Scott Brown
April 04, 2008 AT 04:00 AM EDT

1 Abigail Breslin inducted as honorary Girl Scout
She plans to earn her first merit badge by tying Dakota Fanning into a square knot.

2 People.com: Club patron says Lohan was ”all over” a ”break-dancer”
I’ve seen this movie. It ends with Lohan saving a community center.

3 Sources deny Brangelina wedding in New Orleans
”No one has been made an honest woman of in New Orleans in 200 years,” said the indignant mayor, ”and we’re not about to start now.”

4 Kathie Lee Gifford joins Today
Yes, Reege, revenge is a dish best served in the fourth hour, and several years late.

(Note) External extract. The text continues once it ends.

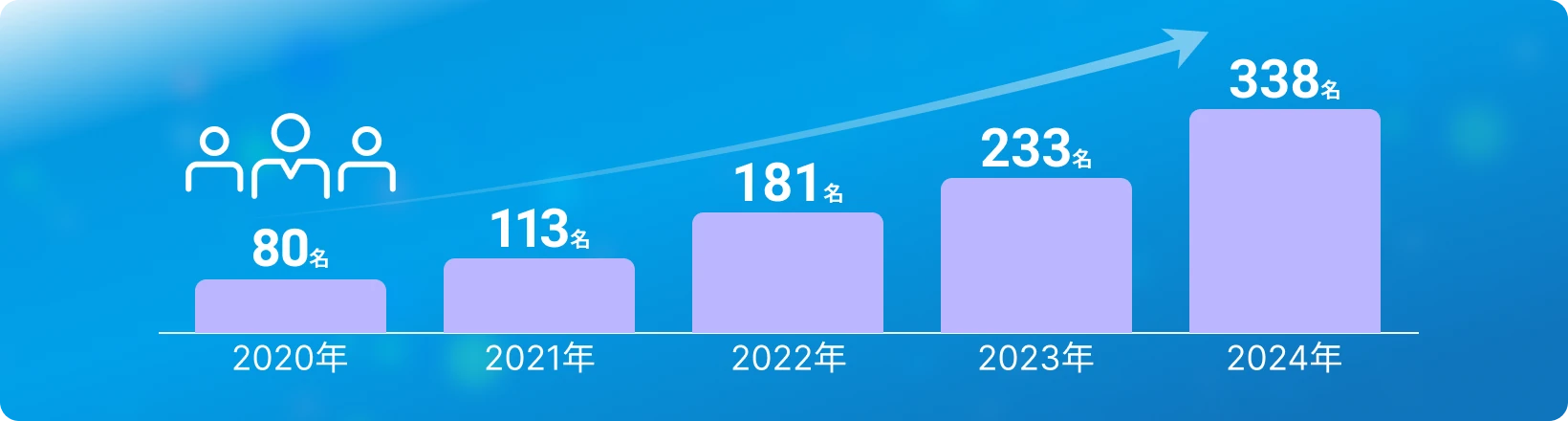 2020年頃までは、主にリファラル採用(社員の紹介による採用)で、ゆるやかに増員していました。そこから一般採用を強化し、数年で一気に組織を拡大。2025年頃からは、組織体制を整えるため、また少し採用のペースを落ち着かせています。
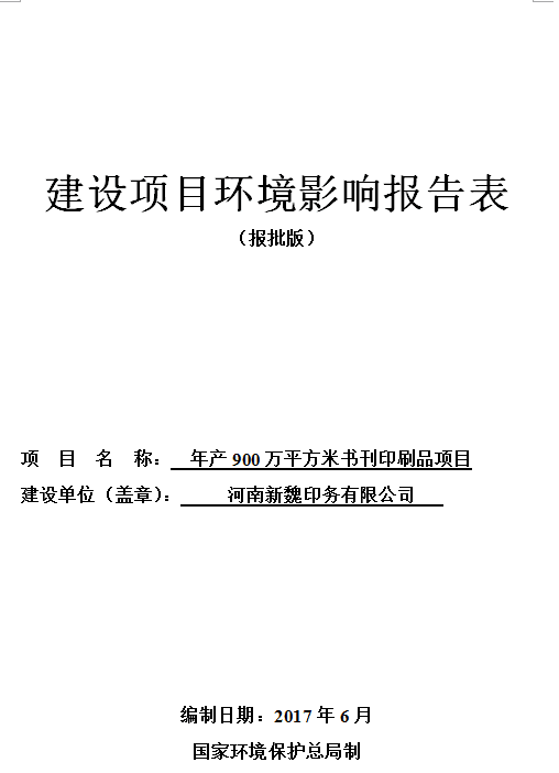 河南新魏印務(wù)有限公司年產(chǎn)900萬(wàn)平方米書刊印刷品項(xiàng)目

5 Hindu groups have a problem with Mike Myers’ The Love Guru
”We are concerned,” they said. ”It looks really sucky.”

6 The Satanic Verses adapted for the stage
Though even its biggest fans agree that the proposed tagline — ”Where the fatwa’s as fancy as the footwork!” — has to go.

7 Denise Richards explains decision to include her children in her upcoming reality show
”I looked in the darling, innocent faces of my children, and then I looked in the darling, innocent faces of my agent and management team.”

8 Thousands of Passions props available in two-day NBC studio lot sale
Hmmm, demons and doll clothes? This is clearly some kind of trap, set by either the FBI or a reality-show producer.

9 Kevin Spacey criticizes BBC for airing talent shows
Said Spacey, ”You want to see talent? Check this out,” and then he proceeded to juggle not one, not two, but thousands of unsold K-PAX DVDs.

10 In radio interview, Madonna talks about Britney: ”For real…let’s go save her”
Immediately, Madonna brought out a collie and asked it, ”Where is she? Where’s Britney, girl? Is she down the well?”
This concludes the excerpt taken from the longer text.